Improved handing of IPv6 addresses in the Patroni config file (Mateusz Kowalski)

The IPv6 address is supposed to be enclosed into square brackets, but Patroni was expecting to get it plain. Now both formats are supported.

Added Consul service_tags configuration parameter (Robert Edström)

They are useful for dynamic service discovery, for example by load balancers.

Implemented SSL support for Zookeeper (Kostiantyn Nemchenko)

It requires kazoo>=2.6.0.

Implemented no_params option for custom bootstrap method (Kostiantyn)

It allows calling wal-g, pgBackRest and other backup tools without wrapping them into shell scripts.

Move WAL and tablespaces after a failed init (Feike Steenbergen)

When doing reinit, Patroni was already removing not only PGDATA but also the symlinked WAL directory and tablespaces. Now the move_data_directory() method will do a similar job, i.e. rename WAL directory and tablespaces and update symlinks in PGDATA.

Improved in pg_rewind support

Improved timeline divergence check (Alexander)

We don't need to rewind when the replayed location on the replica is not ahead of the switchpoint or the end of the checkpoint record on the former primary is the same as the switchpoint. In order to get the end of the checkpoint record we use pg_waldump and parse its output.

Try to fetch missing WAL if pg_rewind complains about it (Alexander)

It could happen that the WAL segment required for pg_rewind doesn't exist in the pg_wal directory anymore and therefore pg_rewind can't find the checkpoint location before the divergence point. Starting from PostgreSQL 13 pg_rewind could use restore_command for fetching missing WALs. For older PostgreSQL versions Patroni parses the errors of a failed rewind attempt and tries to fetch the missing WAL by calling the restore_command on its own.

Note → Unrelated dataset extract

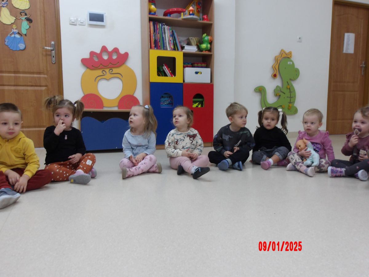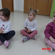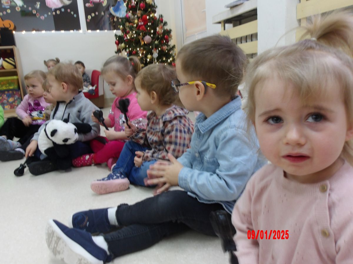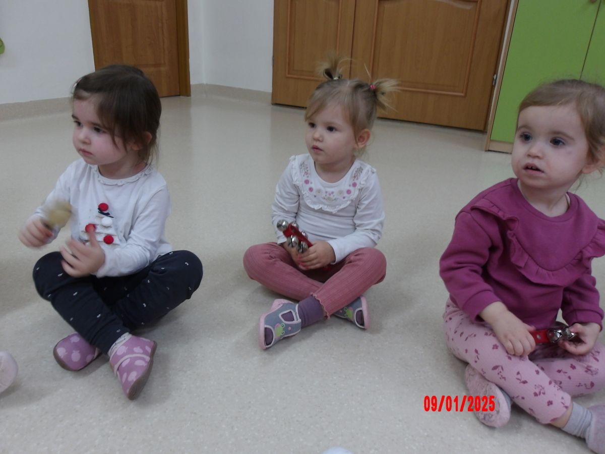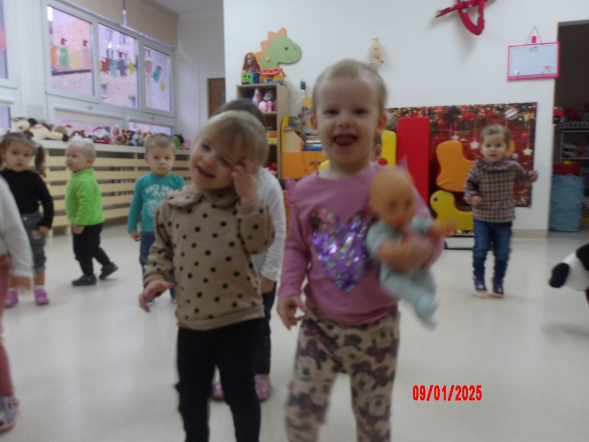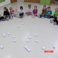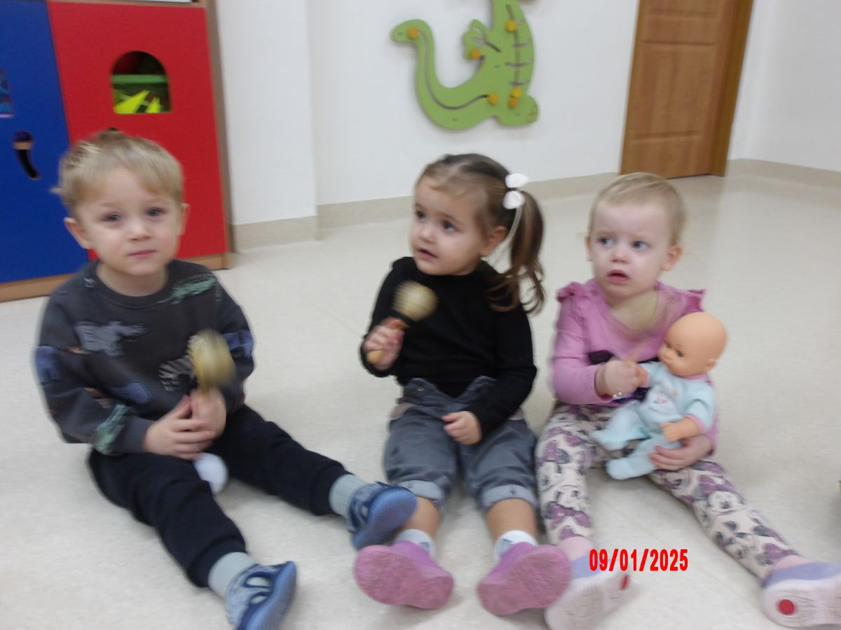 Na zajęciach rytmiki, dzieci w oczekiwaniu na zimę, bawiły się śnieżkami do piosenki "Przyszła zima biała". Muzyczną orkiestrę Średniaczki stworzyły do utworów "Tupu Tup" oraz "Śnieżek prószy".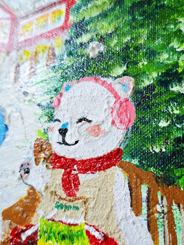 이그린 작가는 인간의 무분별한 욕심으로 인해 망가져 가는 자연을 보며 느끼는 안타까운 감정을 작품에 표현한다. 기후 변화 등 환경 문제로 멸종위기에 처한 북극곰을 주인공으로 한 '곰지맘 시리즈'는 그러한 의도를 잘 보여주는 작가의 대표작이다. 선명한 색감과 거친 질감을 이용하여 날 것 그대로의 자연을 생동감 있게 그려내는 작가만의 표현법이 돋보인다. 작가는 아크릴화로 작업을 시작하여 그 위로 젤 스톤과 모델링 페이스트를 덮는 콜라주 기법으로 작품을 완성한다. 젤 스톤은 돌가루가 섞여 거친 질감 표현에 적합한 보조재로, 작가는 다양한 소재를 활용하여 더욱 역동적인 질감으로 자연의 아름다움을 표현하고자 하였다. 주제에 맞게 고안한 작가만의 표현법으로, 우리에게 환경과의 공존에 관한 아름답고 희망적인 이야기를 전해온다.

Detect a new timeline in the standby cluster and trigger rewind/reinitialize if necessary (Alexander)

The standby_cluster is decoupled from the primary cluster and therefore doesn't immediately know about leader elections and timeline switches. In order to detect the fact, the standby_leader periodically checks for new history files in pg_wal.

Shorten and beautify history log output (Alexander)

When Patroni is trying to figure out the necessity of pg_rewind, it could write the content of the history file from the primary into the log. The history file is growing with every failover/switchover and eventually starts taking up too many lines, most of which are not so useful. Instead of showing the raw data, Patroni will show only 3 lines before the current replica timeline and 2 lines after.

Improvements on K8s

Get rid of kubernetes python module (Alexander)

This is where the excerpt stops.